I am trying to train a very deep model on Cloud ML however i am having serious memory issues that i am not managing to go around. The model is a very deep convolutional neural network to auto-tag music.
The model for this can be found in the image below. A batch of 20 with a tensor of 12x38832x1 is inserted in the network.
The music was originally 465894x1 samples which was then split into 12 windows. Hence, 12x38832x1. When using the map_fn function each loop would have the seperate 38832x1 samples (conv1d).
Processing windows at a time yields better results than the whole music using one CNN. This was split prior to storing the data in TFRecords in order to minimise the needed processing during training. This is loaded in a queue with maximum queue size of 200 samples (ie 10 batches).
Once dequeue, it is transposed to have the 12 dimension first which then can be used in the map_fn function for processing of the windows. This is not transposed prior to being queued as the first dimension needs to match the batch dimension of the output which is [20, 50]. Where 20 is the batch size as the data and 50 are the different tags.
For each window, the data is processed and the results of each map_fn are superpooled using a smaller network. The processing of the windows is done by a very deep neural network which is giving me problems to keep as all the config options i am giving are giving me out of memory errors.
As a model i am using one similar to Census Tensorflow Model.
First and foremost, i am not sure if this is the best option since for evaluation a separate graph is built and not shared variables. This would require double the amount of parameters.
Secondly, as a cluster setup, i have been using one complex_l master, 3 complex_l workers and 3 large_model parameter servers. I do not know if am underestimating the amount of memory needed here.
My model has previously worked with a much smaller network. However, increasing it in size started giving me bad out of memory errors.
My questions are:
The memory requirement is big, but i am sure it can be processed on cloud ml. Am i underestimating the amount of memory needed? What are your suggestions about the cluster for such a network?
When using a train.server in the dispatch function, do you need to pass on the cluster_spec so it is used in the replica_device setter? Or does it allocate on it's own? When not using it, and setting tf.configProto of log placement, all the variables seem to be on the master worker. On the Census Example in the task.py this is not passed on. I can assume this is correct?
How does one calculate how much memory is needed for a model (rough estimate to select the cluster)?
Is there any other tensorflow core tutorial how to setup such big jobs? (other than Census)

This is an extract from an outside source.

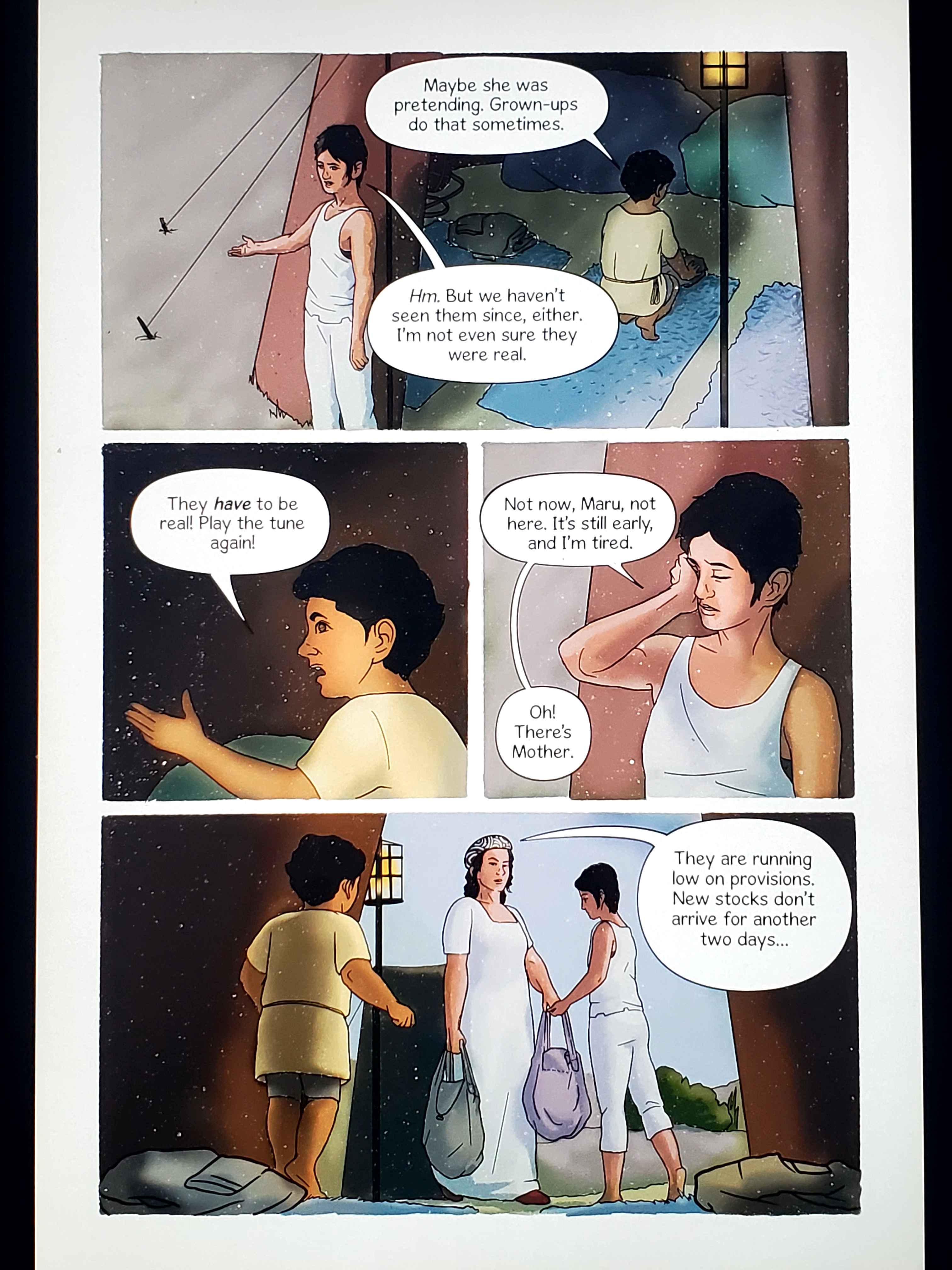 Here’s a tiny preview of some of the pages. If you’ve read Issue 1, you’ll know exactly who Osmi and Maru are talking about. But who’s this new kid? And what did they leave behind?

When training a big model in distributed between-graph replication, does all the model need to fit on the worker, or the worker only does ops and then transmits the results to the PS. Does that mean that the workers can have low memory just for singular ops?

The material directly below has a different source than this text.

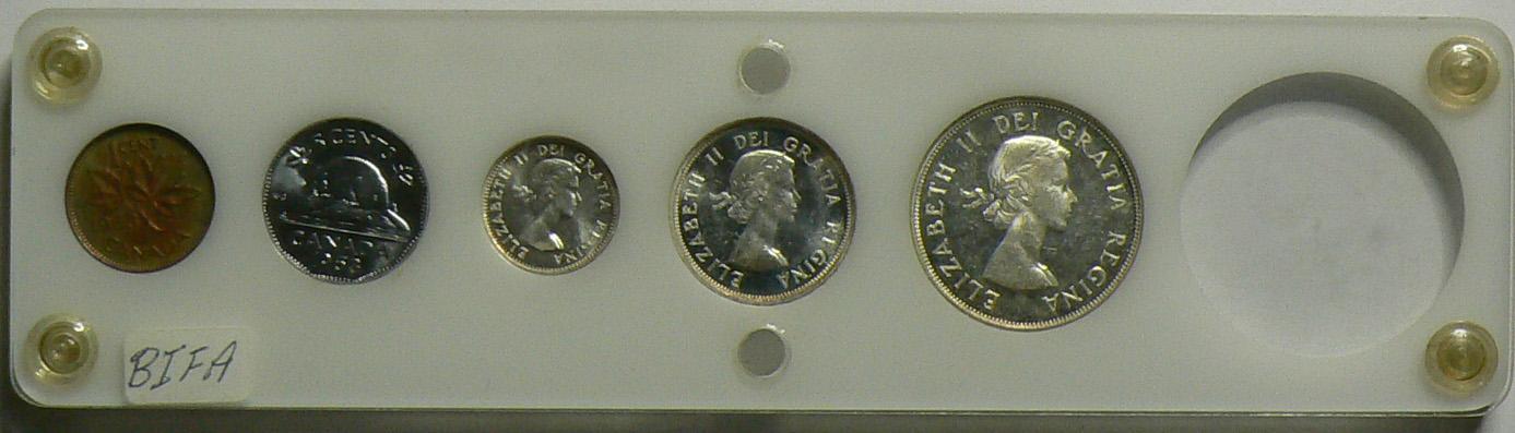 1953, year set in white holder, Missing dollar. Mix NSF & SF.

PS: With smaller models the network trained successfully. I am trying to deepen the network for better ROC.
Questions coming up from on-going troubleshooting:
When using the replica_device_setter with the parameter cluster, i noticed that the master has very little memory and CPU usage and checking the log placement there are very little ops on the master. I checked the TF_CONFIG that is loaded and it says the following for the cluster field:
u'cluster': {u'ps': [u'ps-4da746af4e-0:2222'], u'worker': [u'worker-4da746af4e-0:2222'], u'master': [u'master-4da746af4e-0:2222']}
On the other hand, in the tf.train.Clusterspec documentation, it only shows workers. Does that mean that the master is not considered as worker? What happens in such case?
Error is it Memory or something else? EOF Error?